Покончив со мной, Робсон натянул штаны, взял фонарь и вышел из комнаты, не сказав ни слова и даже не взглянув на меня. Но, знаешь, когда он кончил, меня — уже не было. То, что от меня осталось, вылезло из постели и свернулось калачиком на полу. Было слышно, как он возвращается в свою комнату… а потом все стихло. Кроме чертового дождя.
Робсон решил вернуться в номер и собрать вещи, так как его пребывание в пансионате Норы Маллой и ее приемной дочери Элизабет подходило к концу. Позже я услышала, как он спускается по лестнице. Слышала, как открылась и закрылась входная дверь. Потом был только шум дождя и хриплое дыхание, вырывающееся сквозь мои зубы.
И знаешь, что я тогда подумала? После всего этого в моем ошеломленном десятилетнем мозгу мелькнула мысль: этот человек, должно быть, сошел с ума, если вышел под такой проливной дождь.
Я слышала, что во время тяжелых жизненных потрясений люди задумываются о невероятно бессмысленных вещах — вероятно, так они защищают свой разум от разрушения. Доктор Файрбоу тоже говорил мне об этом.
Убедившись, что Робсон ушел, я зажгла свечу и поднялась наверх.

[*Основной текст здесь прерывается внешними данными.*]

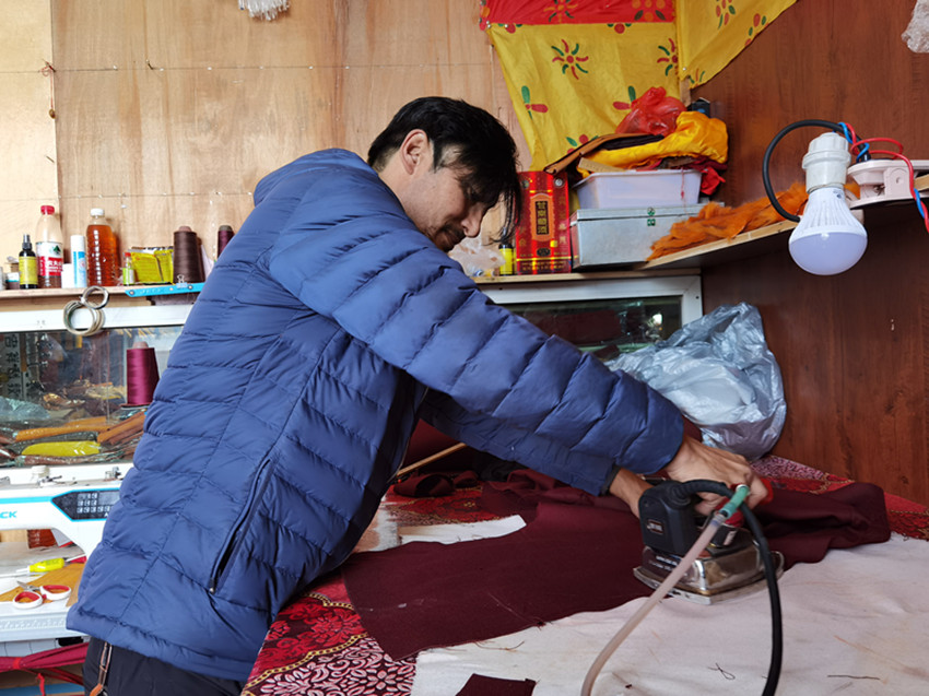 “噠噠噠,噠噠噠……”近日,筆者走進白玉縣阿察鎮(zhèn)昌拖村村集體經(jīng)濟商品房,映入眼簾的是一位正踩著縫紉機踏板穿針引線,縫補衣服的租客。他叫白瑪,是德格縣人,因妻子是該村村民,結(jié)婚后便在此居住,2020年村里修建了村集體經(jīng)濟商品房后,夫妻倆經(jīng)過商量后決定租用進行創(chuàng)業(yè)。

То, что я увидела в коридоре, было хуже всего, Мэтью.
Хуже всего…
Думаю, что именно в тот момент мой разум разрушился окончательно. Мне кажется, я буквально почувствовала, как он разваливается на куски — как дом, который попал под слишком сильный удар шторма… слишком сильный, чтобы выдержали стены и фундамент.
Я почувствовала, как мой мозг кровоточит, разрываясь на части. Голова и лицо горели.

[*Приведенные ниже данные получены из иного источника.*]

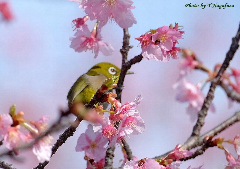 この日、河津桜に数羽のメジロが来ていました。まだ掲載します。

Сбежав вниз по лестнице, я выскочила под дождь, крича о помощи, и мне показалось, что прошло очень много времени, прежде чем кто-то ответил на мой зов.
Как итог этой главы моей жизни, бедная девочка осталась без дома и без мамы. Бедная девочка стала свидетельницей убийства и была изнасилована сумасшедшим. Но, знаешь, что было особенно забавно? Сердобольные люди из низкосортных грязных притонов предположили, что бедная девочка, скорее всего, сама напросилась. Прелестная малышка ведь танцевала в гавани, чтобы завлечь постояльцев в пансионат вдовы Маллой! И неважно, что сама вдова Маллой всегда была с ней и следила, чтобы все было безопасно — этот танец привлек убийцу, убийца повелся на танец хорошенькой бедной девочки, вот и все.
После всего этого бедной девочке пришлось вернуться в приют.
Я говорила, что детство в приюте было счастливым… но, вернувшись туда, я поняла, что больше… гм… не соответствую установленному стандарту качества. Ребенок, который был изнасилован и слышал, как произошло самое гнусное из убийств, являл собой лишь видимость невинности. Я видела это во взглядах и иногда даже слышала в чужих перешептываниях.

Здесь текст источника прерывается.